* **How to complete this task**
Only the lines from the start of the data below through the line that contains "王毅(右)和張志軍(左)握手。" are to be copied, exactly and without pictures.

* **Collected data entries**

===

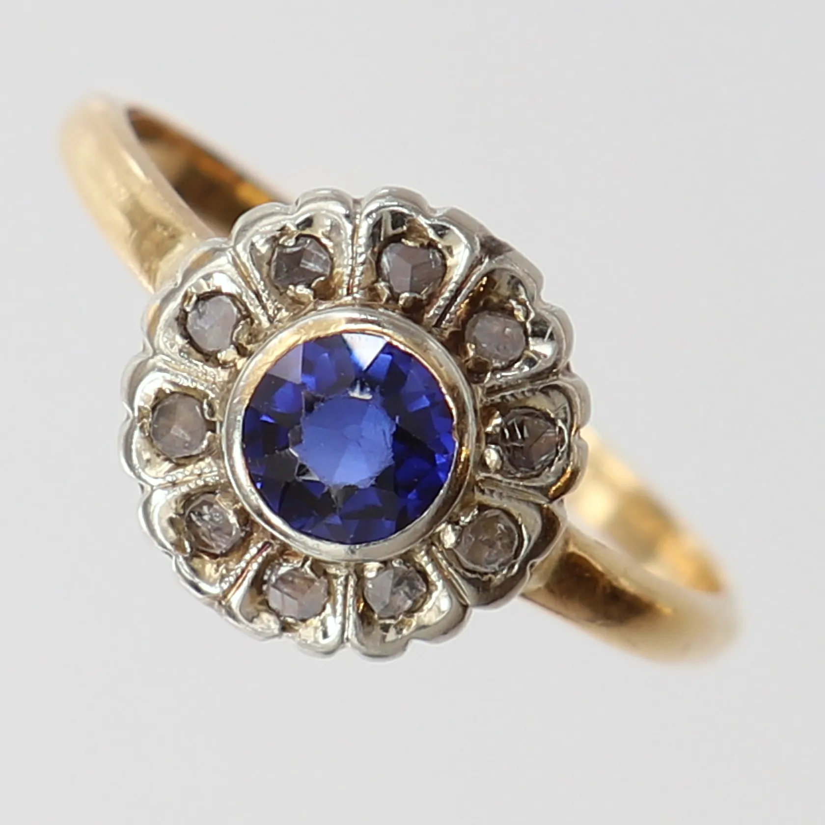 Ring med safir samt rosenslipade diamanter ca 10 x 0,01ct, stl 17¾, bredd ca 2-11mm, slitna fasetter, bucklig, 18K Vikt: 2,1 g.
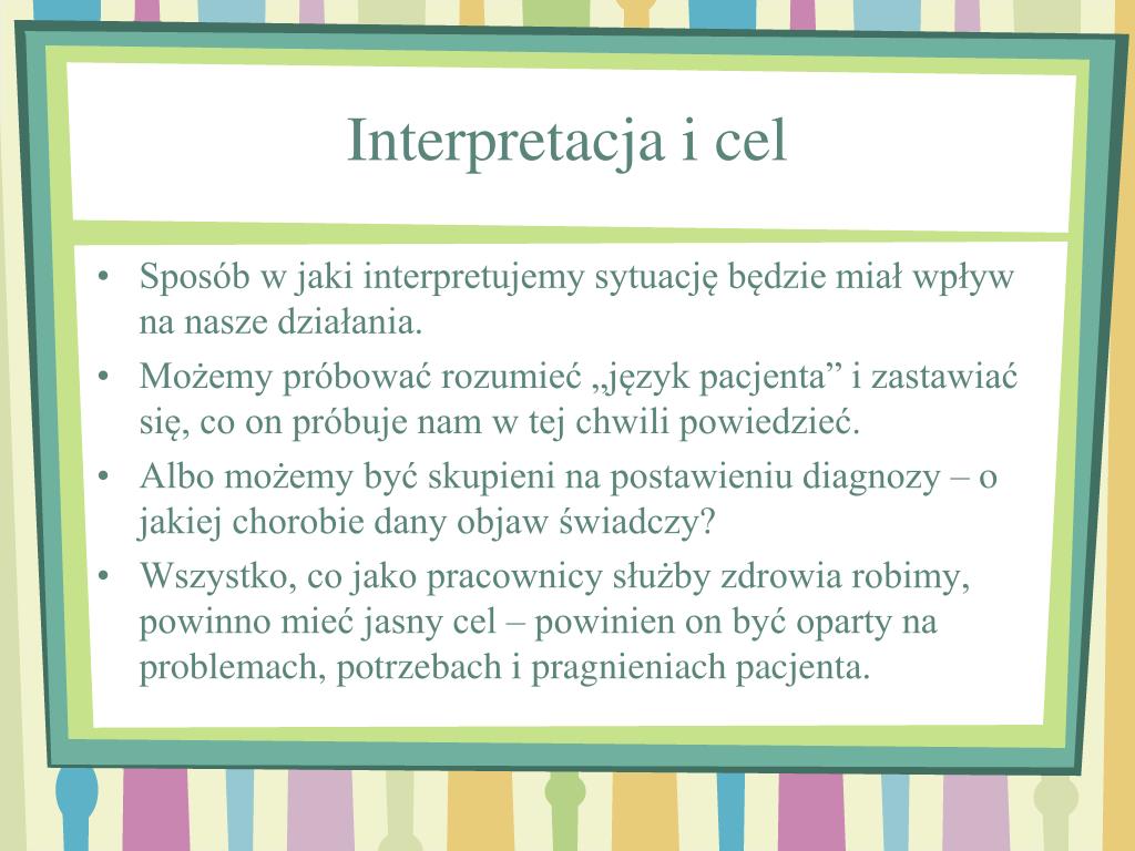 Interpretacja i cel • Sposób w jaki interpretujemy sytuację będzie miał wpływ na nasze działania. • Możemy próbować rozumieć „język pacjenta” i zastawiać się, co on próbuje nam w tej chwili powiedzieć. • Albo możemy być skupieni na postawieniu diagnozy – o jakiej chorobie dany objaw świadczy? • Wszystko, co jako pracownicy służby zdrowia robimy, powinno mieć jasny cel – powinien on być oparty na problemach, potrzebach i pragnieniach pacjenta.
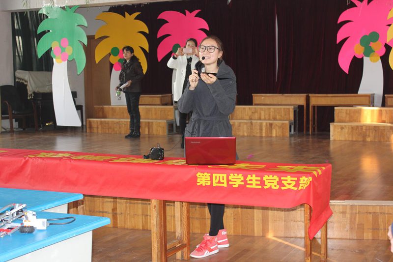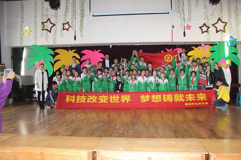 12月26日下午14:30分,必赢国际437官网第四学生党支部在海口市新南国外国语学校景山分校举办了以“科技改变世界?梦想铸就未来”为主题的实践活动。出席此次活动的有必赢国际437官网团委书记崔万春老师,第四学生党支部书记崔建兵老师,第四学生党支部科技梦想服务员15名成员,参加此次活动的有新南国外国语学校景山分校小学近60名师生。
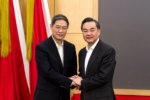 王毅(右)和張志軍(左)握手。
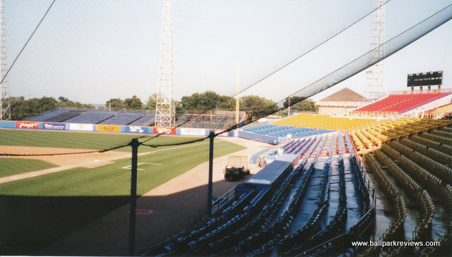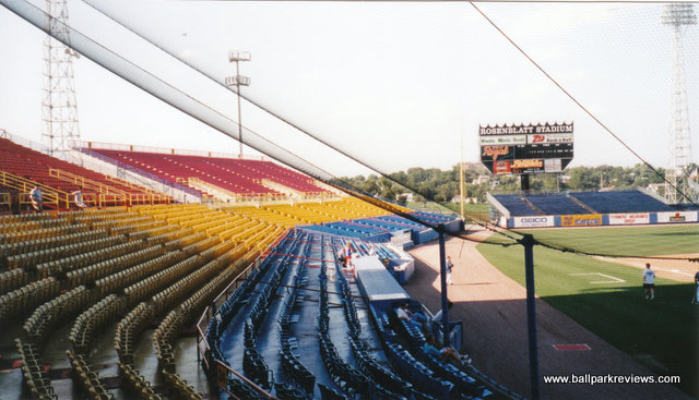 | Rosenblatt Stadium is probably best known for being the home of the College World Series, but it is also a fine minor league facility as well. They have been home to the Royals AAA farm team since their inception. Despite the "pieced together" look of the stadium because of all the expansions they've done, it is still an excellent place to see a ball game. There are plenty of seats under cover for those that desire shade as well as many seats out in the open. There are seating sections that run as far as the foul poles down each line, as well as bleacher sections in the outfield. All the sections are not open for every game however. The concourse area is tucked underneath the seating area, and provides an excellent assortment of concession stands as well as housing the ticket office and souvenir stand. Before the game a Dixie band plays in the picnic area which is in front of the stadium, and which you enter through. There is just one scoreboard - in left field right next to the foul pole. The outside of the stadium is rather unappealing, though unique. It looks like a big blue erector set. I assume the point of all these big beams is to hold up the press box. As for in game promotions, they do very little on the field. There are lucky numbers and other games which fans can compete in, though. Parking is free and plentiful. Just a really nice place to see a ball game. Unfortunately, plans are now underway to build a new $140 million stadium for the College World Series and to demolish Rosenblatt. As of August 2008, the Royals were threatening to look elsewhere for a new ballpark since the lease offer wasn't cheap enough. But I'm sure a deal will be struck at some point since you don't spend that much money on park that will only be used for 2 weeks a year. A group (Save Rosenblatt) had formed to try to save the old ballpark, but they were unsuccessful despite the presence of such celebrities as Kevin Costner. It now appears that Rosenblatt Stadium will only be in use through the 2010 season. A new ballpark was built in suburban Papillion for the O-Royals. With a new ballpark also opening for the college world series, Rosenblatt Stadium will be demolished to make more room for the adjacent zoo.
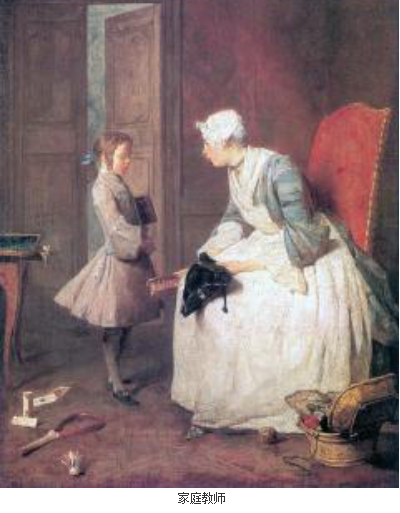 《家庭教师》依然是一幅描写平民生活、平民情趣的作品。画面人物有两个:年轻的家庭女教师和她所教的孩子。两位主人公力的趋向集中在一点上,从而使这幅画极富张力之美。画家捕捉住了两人沉浸在自己教和学的活动中的专注神情,年轻的女教师努着嘴唇,拿着教杆,伸着手,孩子则用圆胖的小手压指着书本,女教师的认真和孩子用心却又有些许笨拙的样子,都饶有兴致。
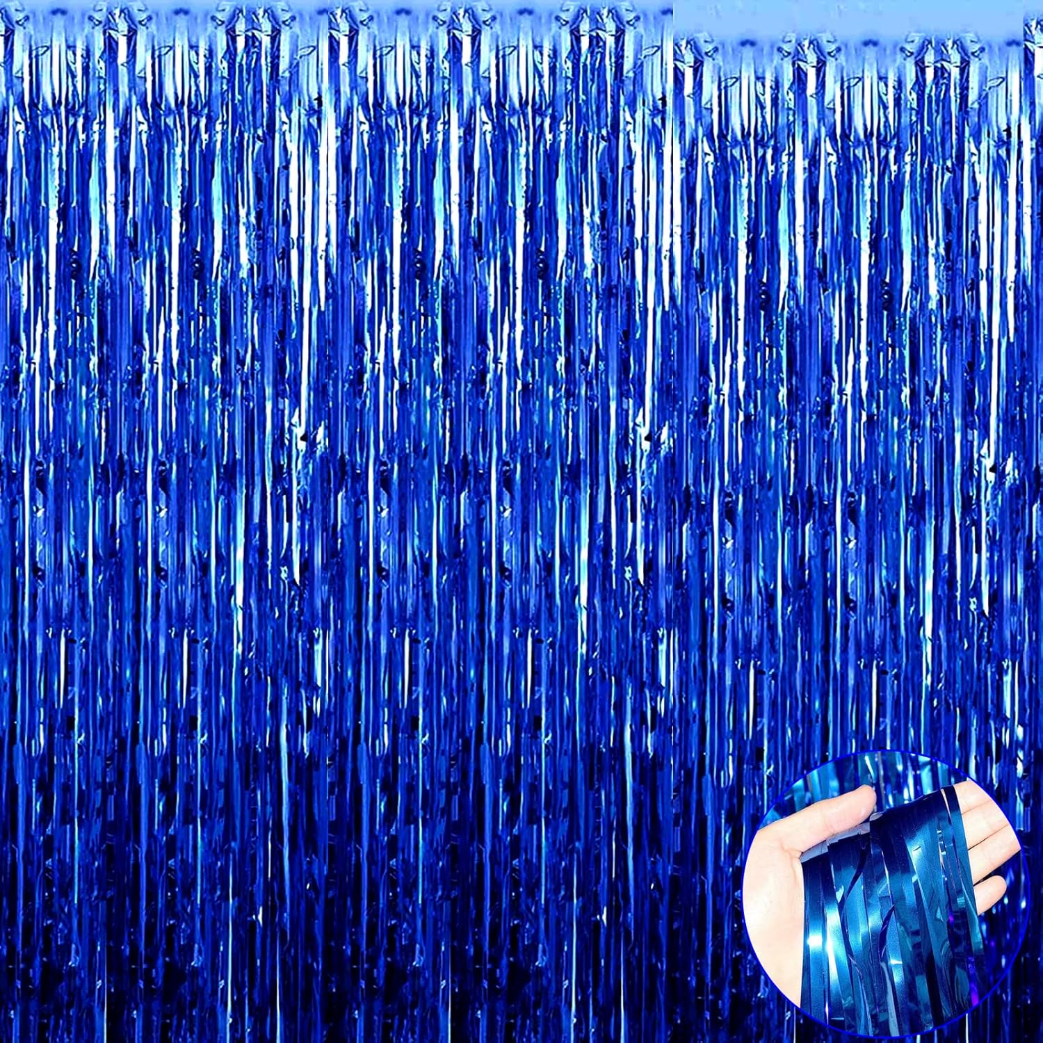 4 Pack Blue Foil Fringe Curtain Backdrop, 3.28Ft x 9.84Ft Metallic Tinsel Streamers for Sea Party, Photo Booth Props, Birthday, 2022 Summer Ocean Theme Party Decoration Supplies
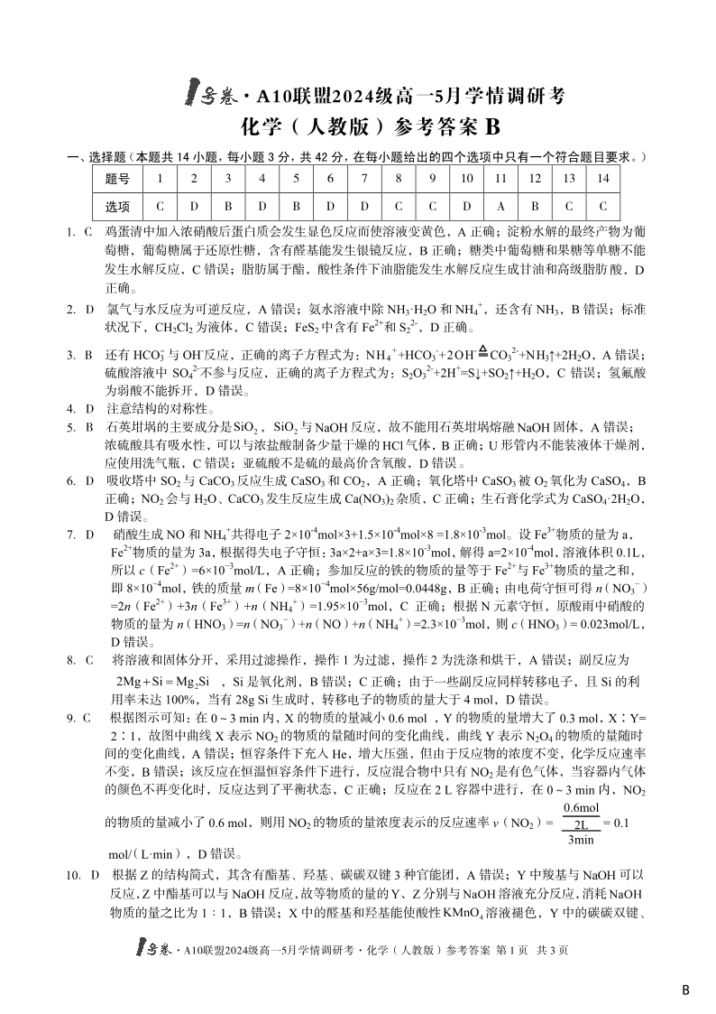 安徽省1号卷·A10联盟2024级高一5月学情调研考化学(B卷)答案

===

* **Answer below**
 Ring med safir samt rosenslipade diamanter ca 10 x 0,01ct, stl 17¾, bredd ca 2-11mm, slitna fasetter, bucklig, 18K Vikt: 2,1 g.
 Interpretacja i cel • Sposób w jaki interpretujemy sytuację będzie miał wpływ na nasze działania. • Możemy próbować rozumieć „język pacjenta” i zastawiać się, co on próbuje nam w tej chwili powiedzieć. • Albo możemy być skupieni na postawieniu diagnozy – o jakiej chorobie dany objaw świadczy? • Wszystko, co jako pracownicy służby zdrowia robimy, powinno mieć jasny cel – powinien on być oparty na problemach, potrzebach i pragnieniach pacjenta.
 12月26日下午14:30分,必赢国际437官网第四学生党支部在海口市新南国外国语学校景山分校举办了以“科技改变世界?梦想铸就未来”为主题的实践活动。出席此次活动的有必赢国际437官网团委书记崔万春老师,第四学生党支部书记崔建兵老师,第四学生党支部科技梦想服务员15名成员,参加此次活动的有新南国外国语学校景山分校小学近60名师生。
 王毅(右)和張志軍(左)握手。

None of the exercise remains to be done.